Court Opinion

ID: 9413629
Source: CourtListenerOpinion
Date Created: 2023-08-01 23:16:38.856288+00
Date Added: 2024-06-11T16:46:19.784174
License: Public Domain

DENNIS, Circuit Judge,
Specially Concurring:
The majority holds that a plaintiff, who brings a 42 U.S.C. § 1983 action arising out of the suicide of a pretrial detainee resulting from the violation of her rights to physical protection and medical services under the Due Process Clause of the Fourteenth Amendment, must show that the responsible officials had subjective knowledge of a substantial risk of serious harm to the pretrial detainee but responded to that risk with “deliberate indifference,” as defined by the Eighth Amendment case of Farmer v. Brennan, — U.S. -, 114 S.Ct. 1970, 128 L.Ed.2d 811 (1994). I concur only in the judgment vacating the district court decision and remanding the case for further proceedings because (1) application of the “deliberate indifference” test (for determining cruel and unusual punishment of convicts) to pretrial *651detainees’ claims is inconsistent with prior Supreme Court decisions that detainees are guiltless individuals protected by a broader Due Process Clause right to be free from any punishment whatsoever; and (2) even if pretrial detainees are to be shielded only from cruel and unusual punishment as measured by the “deliberate indifference” standard, the majority opinion’s failure to consistently articulate fully the Farmer v.

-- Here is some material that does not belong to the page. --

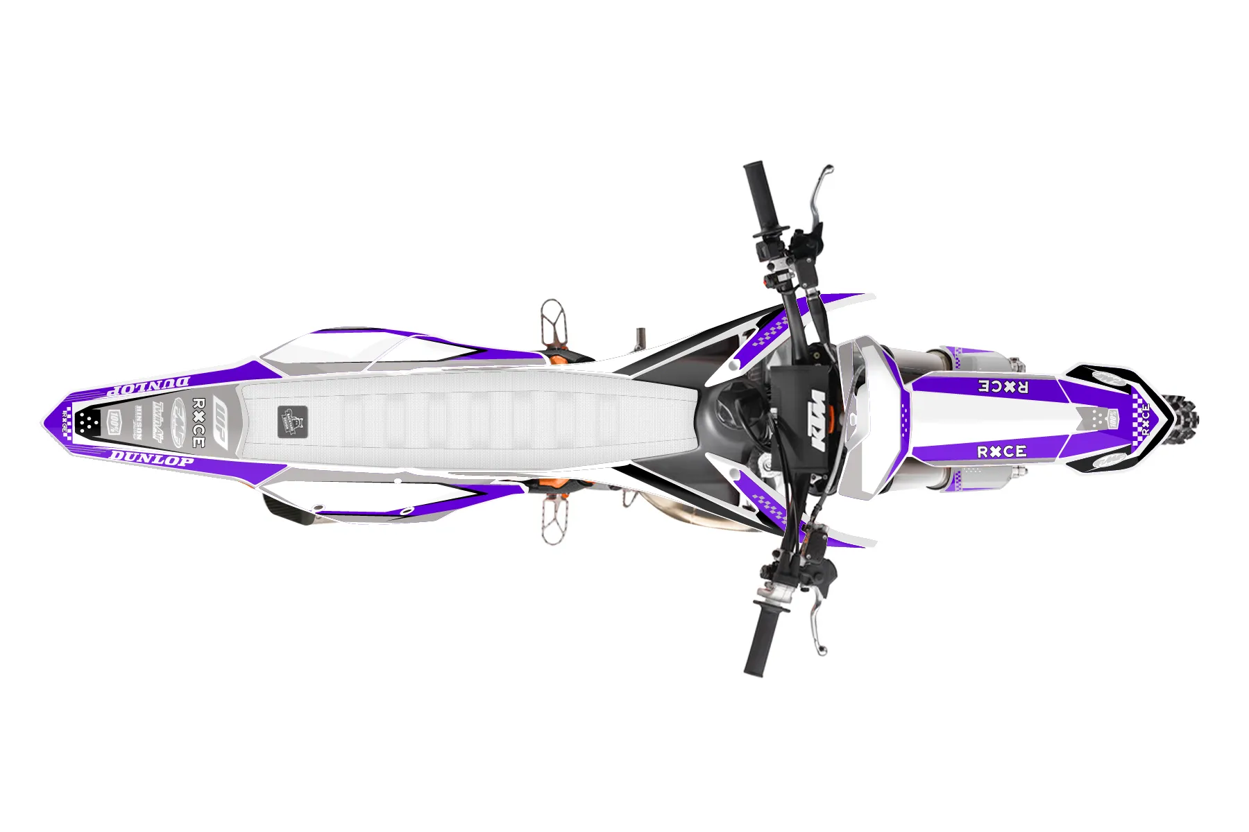 «18Ktm150» — готовый комплект графики серии Staple для KTM MX Graphic Kit KTM SX 150 2016. В комплекте: графика на бак и боковые облицовки, крылья (переднее и заднее), передний щиток, номерные таблички, защита вилки. Материал: ПВХ-винил 80 мкр с холодной ламинацией 300 мкр, общая толщина 380 мкр; покрытие глянцевое или матовое на выбор. Устойчив к UV-излучению, воде, бензину и мойке высокого давления. Клей акриловый на сольвентной основе — постоянный, для гибких пластиков. На простых поверхностях монтируется без нагрева; для сложных изгибов рекомендуем фен. Этот пресет можно заказать как есть или взять за основу в конструкторе: поменять цвета, добавить стартовый номер и свой бренд. Производство — 3–5 рабочих дней, доставка по России СДЭКом или Почтой, по СНГ — курьерскими службами.

Brennan definition of that standard runs the risk of affording pretrial detainees less protection from inhumane treatment than convicted criminals.
1.
In evaluating the constitutionality of conditions or restrictions of pretrial detention that implicate only the protection against deprivation of liberty without due process of law, the proper inquiry is whether those conditions amount to punishment of the detainee. For under the Due Process Clause, a detainee may not be punished prior to an adjudication of guilt in accordance with due process of law. Bell v. Wolfish, 441 U.S. 520, 535, 99 S.Ct. 1861, 1871-1872, 60 L.Ed.2d 447 (1979). A person lawfully committed to pretrial detention has not been adjudged guilty of any crime. He has had only a judicial determination of probable cause as a prerequisite to the extended restraint of his liberty following arrest. Id. at 536, 99 S.Ct. at 1872-1873. Under such circumstances, the Government concededly may detain him to ensure his presence at trial and may subject him to the restrictions and conditions of the detention facility so long as those conditions and restrictions do not amount to punishment, or otherwise violate the Constitution. Id. at 536-537, 99 S.Ct. at 1872-1873.

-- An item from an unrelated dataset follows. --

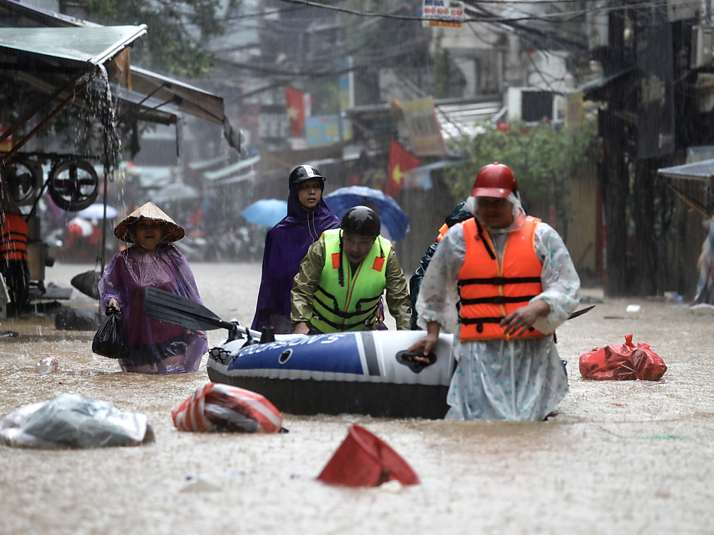 Les eaux de crue au Viêt Nam se retirent, s'écoulant par le fleuve Rouge - le principal cours d'eau de la région - jusqu'à la mer. Les autorités de plusieurs districts du delta du fleuve Rouge ont ordonné à plus de 50'000 personnes d'évacuer leur domicile par précaution, le temps que les eaux de ruissellement s'écoulent.

Due process requires that a pretrial detainee not be punished. A sentenced inmate, on the other hand, may be punished, although that punishment may not be “cruel and unusual” under the Eighth Amendment. Id. at 535, n. 16, 99 S.Ct. at 1872, n. 16. The Court recognized this distinction in Ingraham v. Wright, 430 U.S. 651, 671-672, 97 S.Ct. 1401, 1412-1413, 51 L.Ed.2d 711 (1977): “Eighth Amendment scrutiny is appropriate only after the State has complied with the constitutional guarantees traditionally associated with criminal prosecutions. See United States v. Lovett, 328 U.S. 303, 317-318 [66 S.Ct. 1073, 1079-1080, 90 L.Ed. 1252] (1946)_ [T]he State does not acquire the power to punish with which the Eighth Amendment is concerned until after it has secured a formal adjudication of guilt in accordance with due process of law. Where the State seeks to impose punishment without such an adjudication, the pertinent constitutional guarantee is the Due Process Clause of the Fourteenth Amendment.” Id at 671 n. 40, 97 S.Ct. at 1413 n. 40. In other words, “the Fifth Amendment includes freedom from punishment within the liberty of which no person may be deprived without due process of law.” Bell v. Wolfish, 441 U.S. at 535, n. 17, 99 S.Ct. at 1872, n. 17 (1979).

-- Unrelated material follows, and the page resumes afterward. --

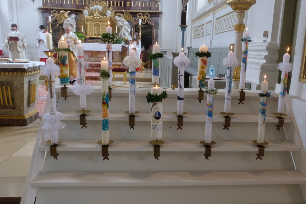 Der Pastoralreferent fragte die Kinder, wann sie das letzte mal eine Mutprobe gemacht haben. Eine Mutprobe ist immer eine außergewöhnliche, oft auch eine gefährliche Sache, so wie eben jene von Petrus. Aber Jesus ist da, wenn wie es für Petrus und die Jünger auf dem See brenzlig wird und er spricht jenen wunderbaren Satz, der so häufig wie kein anderer in der Bibel steht: „Fürchtet Euch nicht!“ sagt er zu den angesichts des Sturmes ängstlichen Jüngern im Boot und zu Petrus: „Vertrau mir, ich bin da.“ So hoffe er, sagte Maier an die Kinder gewandt „dass ihr spürt, dass Jesus da ist und ihr euer ganzes Leben diese Erfahrung macht.“

In determining whether particular restrictions and conditions accompanying pretrial detention amount to punishment in the constitutional sense of that word, a court must decide whether the disability is imposed for the purpose of punishment or whether it is but an incident of some other legitimate governmental purpose. Id. at 538, 99 S.Ct. at 1873-74. Absent a showing of an expressed intent to punish on the part of detention facility officials, that determination generally will turn on “whether an alternative purpose to which [the restriction] may rationally be connected is assignable for it, and whether it appears excessive in relation to the alternative purpose assigned [to it].” Id., quoting Kennedy v. Mendoza-Martinez, 372 U.S. at 168-169, 83 S.Ct. at 567-568. Thus, if a particular condition or restriction of pretrial detention is reasonably related to a legitimate governmental objective, it does not, without more, amount to “punishment.” Conversely, if a restriction or condition is not reasonably related to a legitimate goal — if it is arbitrary or purposeless — a court permissibly may infer that the purpose of the governmental action is punishment that may not constitutionally be inflicted upon detainees qua detainees. Bell v. Wolfish, 441 U.S. at 539, 99 S.Ct. at 1874.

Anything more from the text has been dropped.